START MATERIAL SUPPLIED
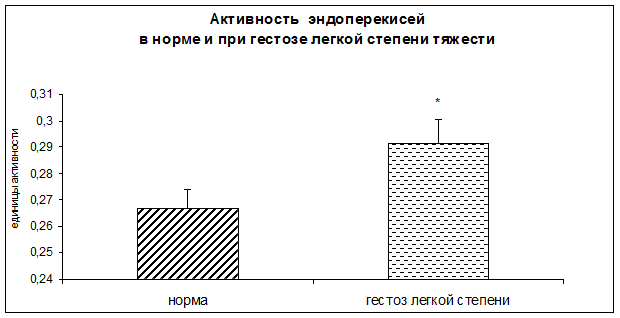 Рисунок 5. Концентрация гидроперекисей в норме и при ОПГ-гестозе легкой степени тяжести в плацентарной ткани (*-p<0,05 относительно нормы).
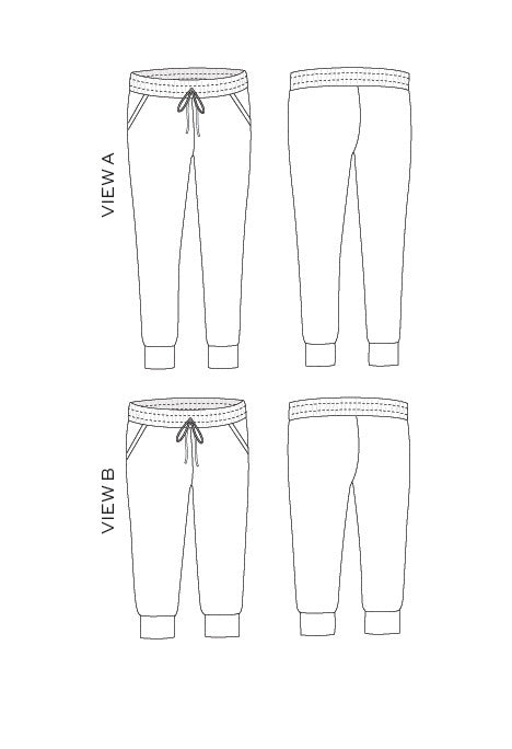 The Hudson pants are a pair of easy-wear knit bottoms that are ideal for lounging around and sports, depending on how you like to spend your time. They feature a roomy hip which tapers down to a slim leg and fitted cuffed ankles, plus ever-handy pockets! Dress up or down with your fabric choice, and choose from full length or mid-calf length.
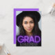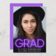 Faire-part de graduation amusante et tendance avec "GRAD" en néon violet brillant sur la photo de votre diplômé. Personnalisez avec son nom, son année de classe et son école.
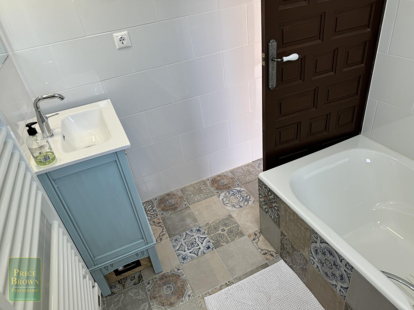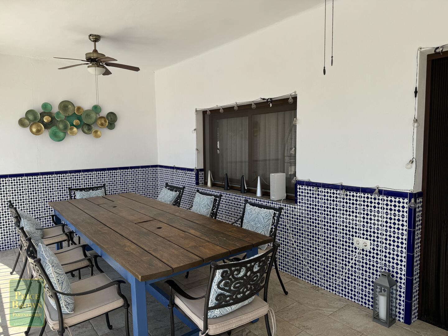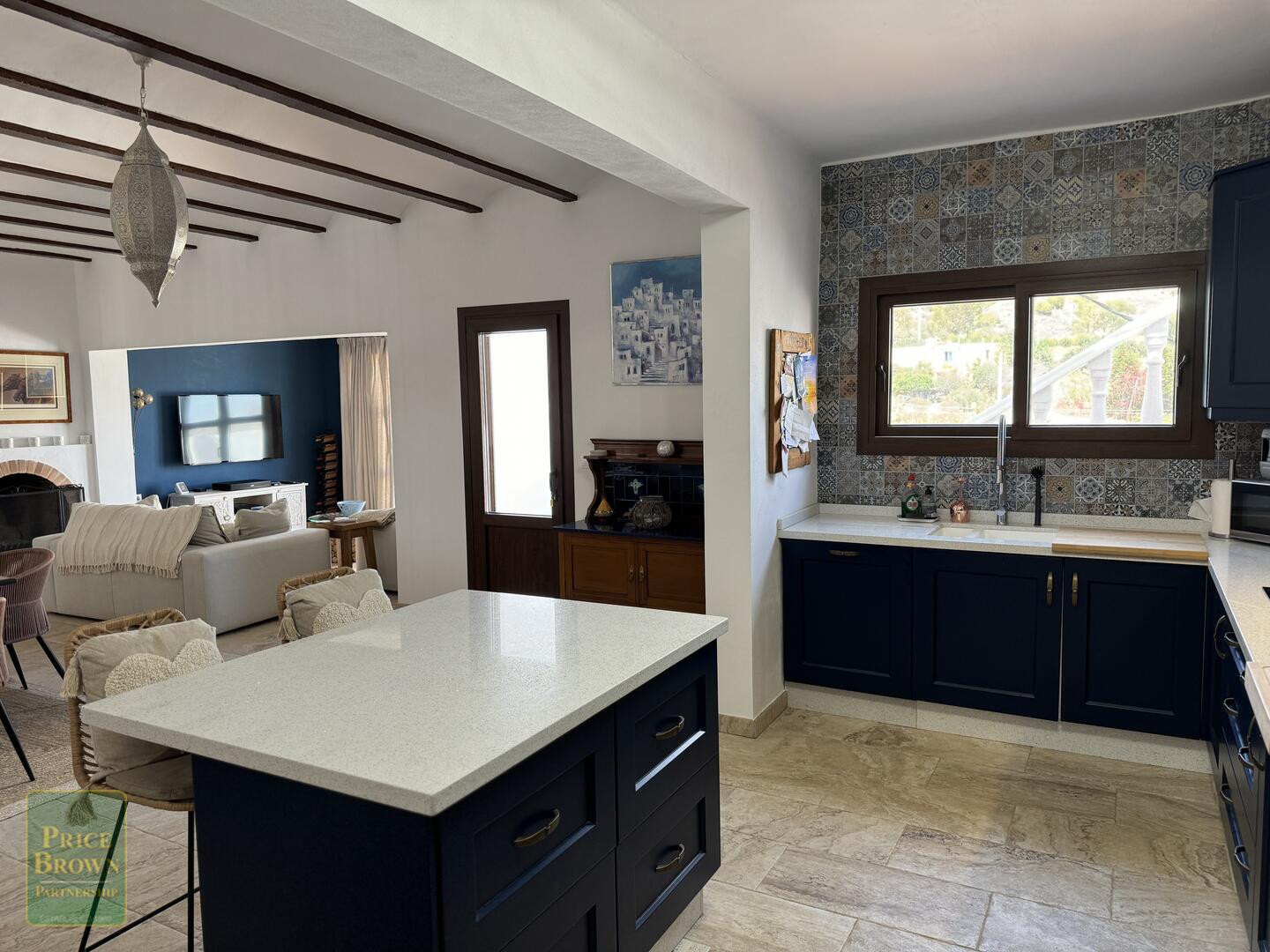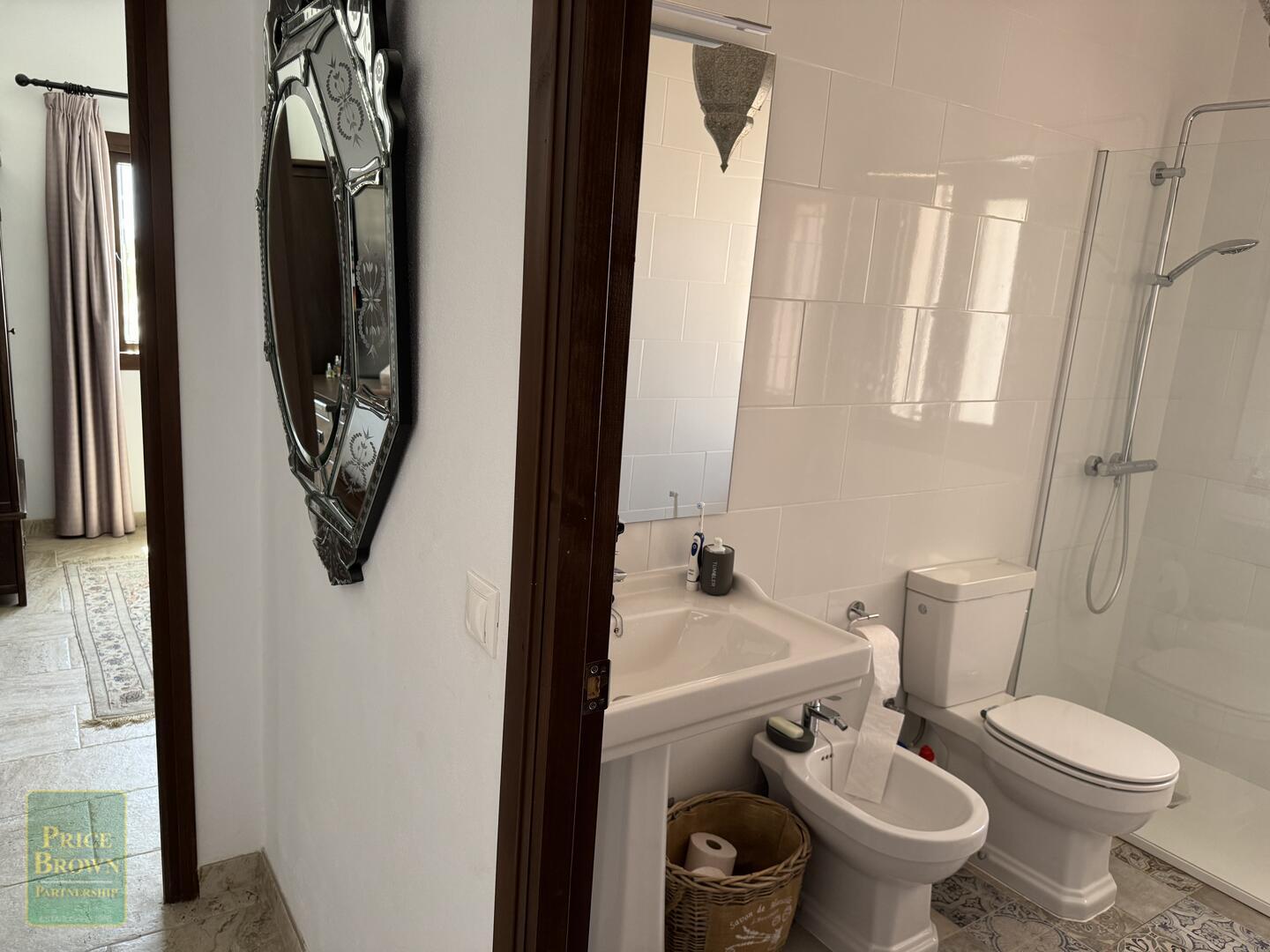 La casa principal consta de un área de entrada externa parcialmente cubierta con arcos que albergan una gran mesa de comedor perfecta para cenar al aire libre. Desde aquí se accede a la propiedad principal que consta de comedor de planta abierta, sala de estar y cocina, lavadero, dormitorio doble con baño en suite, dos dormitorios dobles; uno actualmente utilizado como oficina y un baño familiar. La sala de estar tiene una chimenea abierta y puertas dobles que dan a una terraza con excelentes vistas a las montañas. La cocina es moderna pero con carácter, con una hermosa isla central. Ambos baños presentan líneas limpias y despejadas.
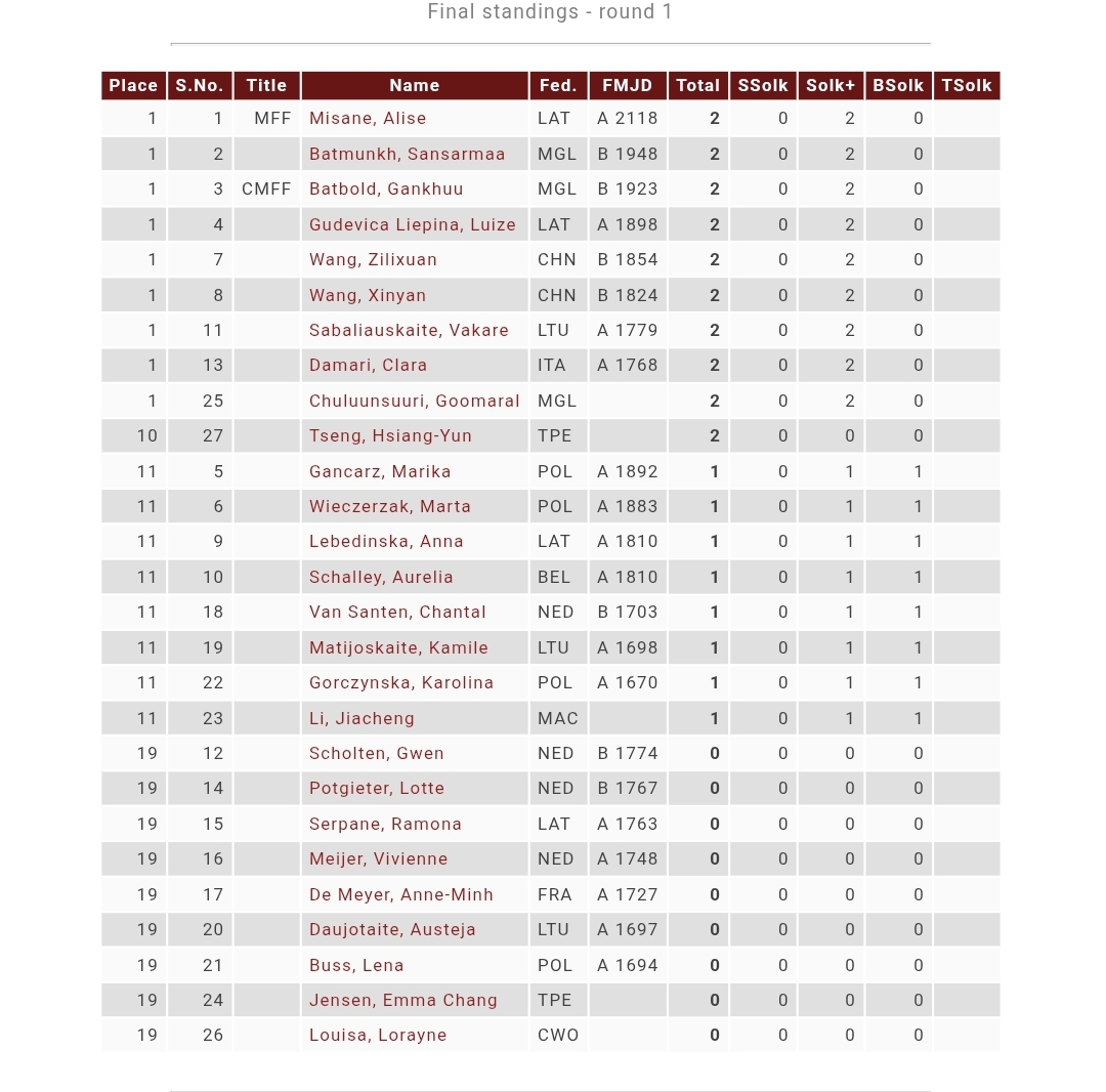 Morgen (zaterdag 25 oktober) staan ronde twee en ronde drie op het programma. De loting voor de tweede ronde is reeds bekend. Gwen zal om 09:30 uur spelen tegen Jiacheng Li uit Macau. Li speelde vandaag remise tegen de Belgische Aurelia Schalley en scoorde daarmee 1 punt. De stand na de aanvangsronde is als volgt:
END MATERIAL SUPPLIED
START MATERIAL SUPPLIED
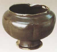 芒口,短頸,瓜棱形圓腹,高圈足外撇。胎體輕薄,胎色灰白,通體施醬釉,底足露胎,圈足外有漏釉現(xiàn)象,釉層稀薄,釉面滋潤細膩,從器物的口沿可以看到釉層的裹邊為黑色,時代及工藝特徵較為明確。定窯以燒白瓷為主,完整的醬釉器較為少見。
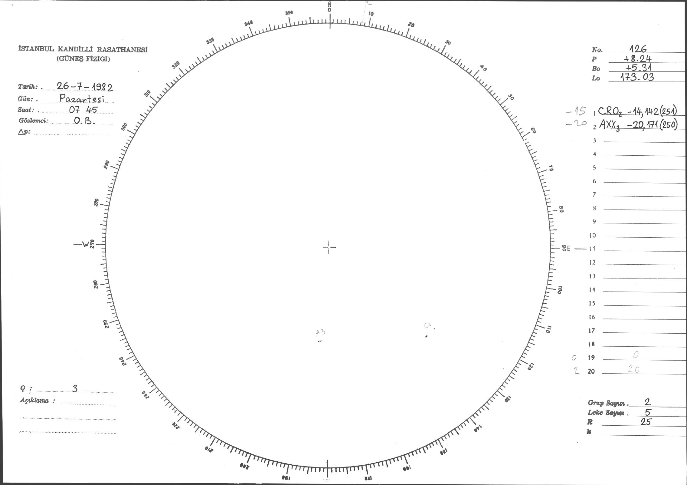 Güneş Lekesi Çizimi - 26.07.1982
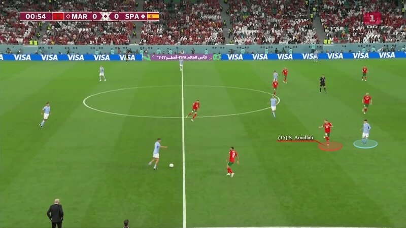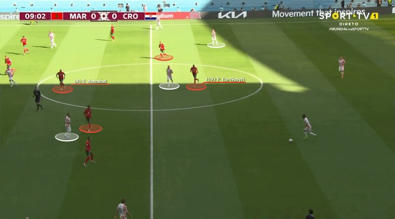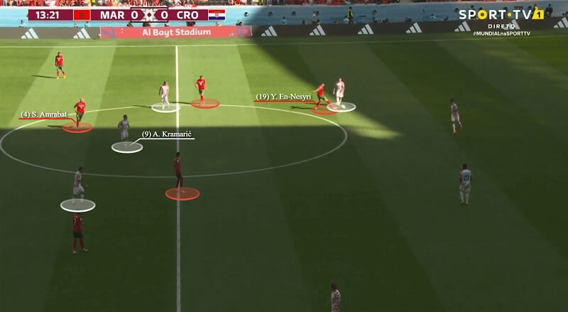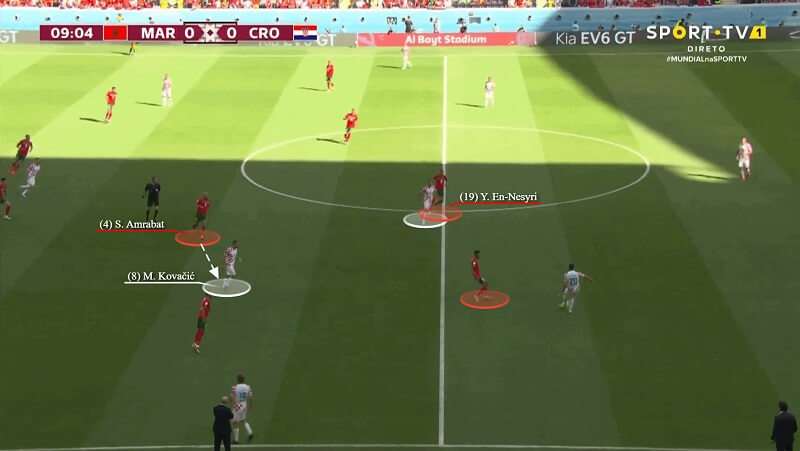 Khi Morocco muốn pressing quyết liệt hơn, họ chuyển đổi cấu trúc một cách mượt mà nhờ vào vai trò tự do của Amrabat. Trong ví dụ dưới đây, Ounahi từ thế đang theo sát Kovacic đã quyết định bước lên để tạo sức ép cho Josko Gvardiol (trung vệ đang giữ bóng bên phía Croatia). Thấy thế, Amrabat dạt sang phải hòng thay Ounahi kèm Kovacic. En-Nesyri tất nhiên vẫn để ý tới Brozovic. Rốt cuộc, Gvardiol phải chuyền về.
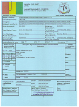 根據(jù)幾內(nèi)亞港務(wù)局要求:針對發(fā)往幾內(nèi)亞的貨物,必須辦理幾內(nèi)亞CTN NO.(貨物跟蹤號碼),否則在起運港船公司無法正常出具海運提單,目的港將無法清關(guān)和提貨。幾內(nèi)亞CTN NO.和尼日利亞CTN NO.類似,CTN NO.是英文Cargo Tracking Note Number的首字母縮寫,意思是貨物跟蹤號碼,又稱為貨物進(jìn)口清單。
END MATERIAL SUPPLIED
START MATERIAL SUPPLIED
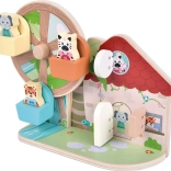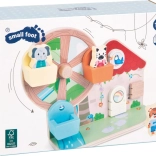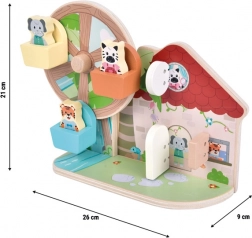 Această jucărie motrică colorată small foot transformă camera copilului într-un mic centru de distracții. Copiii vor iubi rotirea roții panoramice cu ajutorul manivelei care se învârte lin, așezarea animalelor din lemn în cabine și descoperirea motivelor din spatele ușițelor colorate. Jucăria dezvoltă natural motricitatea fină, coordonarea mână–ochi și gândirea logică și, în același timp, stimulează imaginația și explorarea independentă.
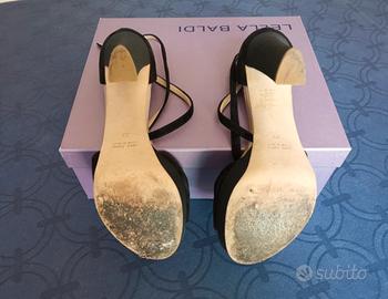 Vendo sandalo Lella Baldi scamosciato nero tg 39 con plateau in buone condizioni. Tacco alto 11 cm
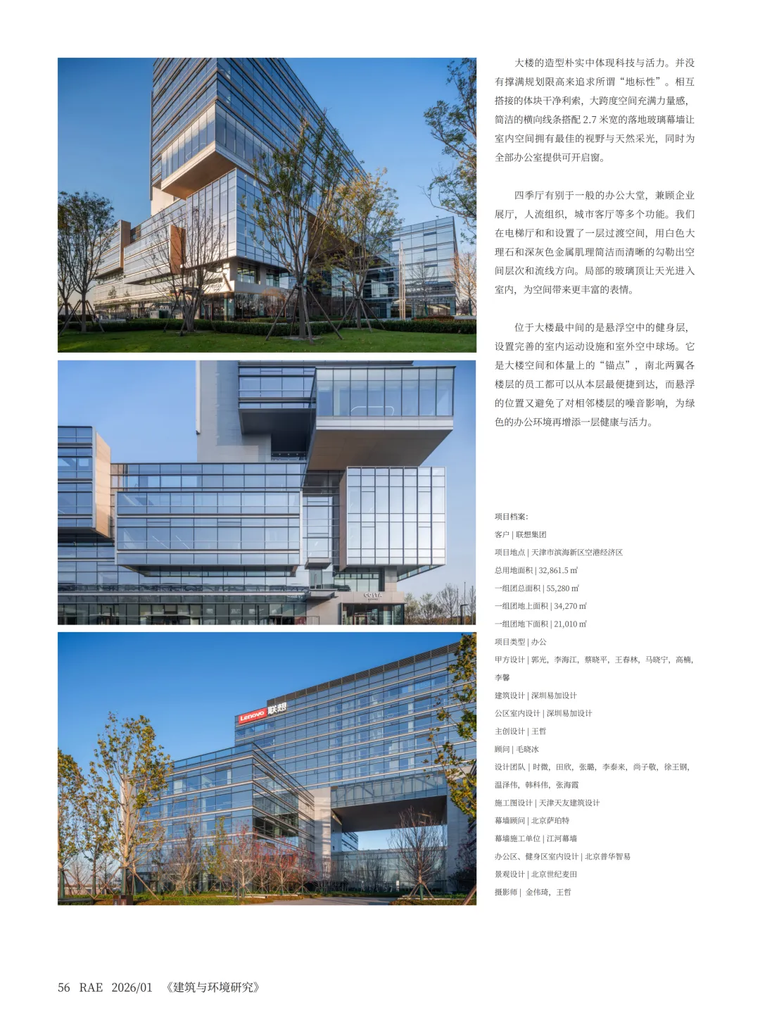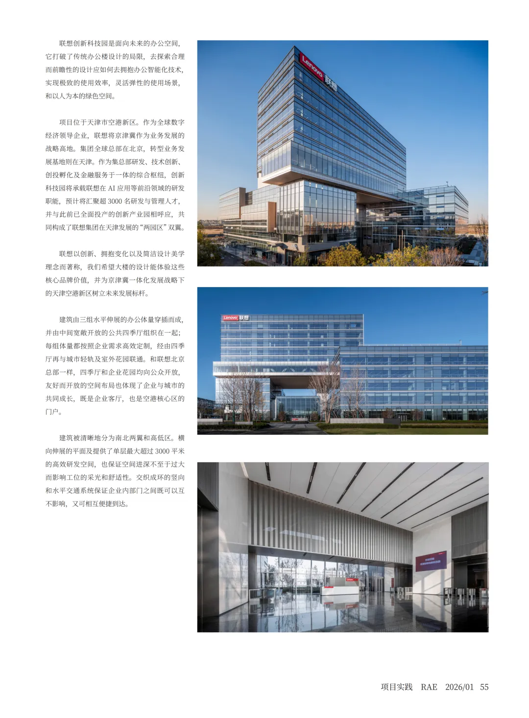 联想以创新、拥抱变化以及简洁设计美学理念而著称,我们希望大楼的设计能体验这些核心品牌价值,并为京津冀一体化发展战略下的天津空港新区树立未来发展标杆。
END MATERIAL SUPPLIED
## EXERCISE REQUIREMENTS
Copy only this from above: the line containing "芒口,短頸,瓜棱形圓腹,高圈", the line containing "Khi Morocco muốn", and all lines between, printed exactly. Leave out the pictures.

## YOUR RESPONSE
 芒口,短頸,瓜棱形圓腹,高圈足外撇。胎體輕薄,胎色灰白,通體施醬釉,底足露胎,圈足外有漏釉現(xiàn)象,釉層稀薄,釉面滋潤細膩,從器物的口沿可以看到釉層的裹邊為黑色,時代及工藝特徵較為明確。定窯以燒白瓷為主,完整的醬釉器較為少見。
 Güneş Lekesi Çizimi - 26.07.1982
 Khi Morocco muốn pressing quyết liệt hơn, họ chuyển đổi cấu trúc một cách mượt mà nhờ vào vai trò tự do của Amrabat. Trong ví dụ dưới đây, Ounahi từ thế đang theo sát Kovacic đã quyết định bước lên để tạo sức ép cho Josko Gvardiol (trung vệ đang giữ bóng bên phía Croatia). Thấy thế, Amrabat dạt sang phải hòng thay Ounahi kèm Kovacic. En-Nesyri tất nhiên vẫn để ý tới Brozovic. Rốt cuộc, Gvardiol phải chuyền về.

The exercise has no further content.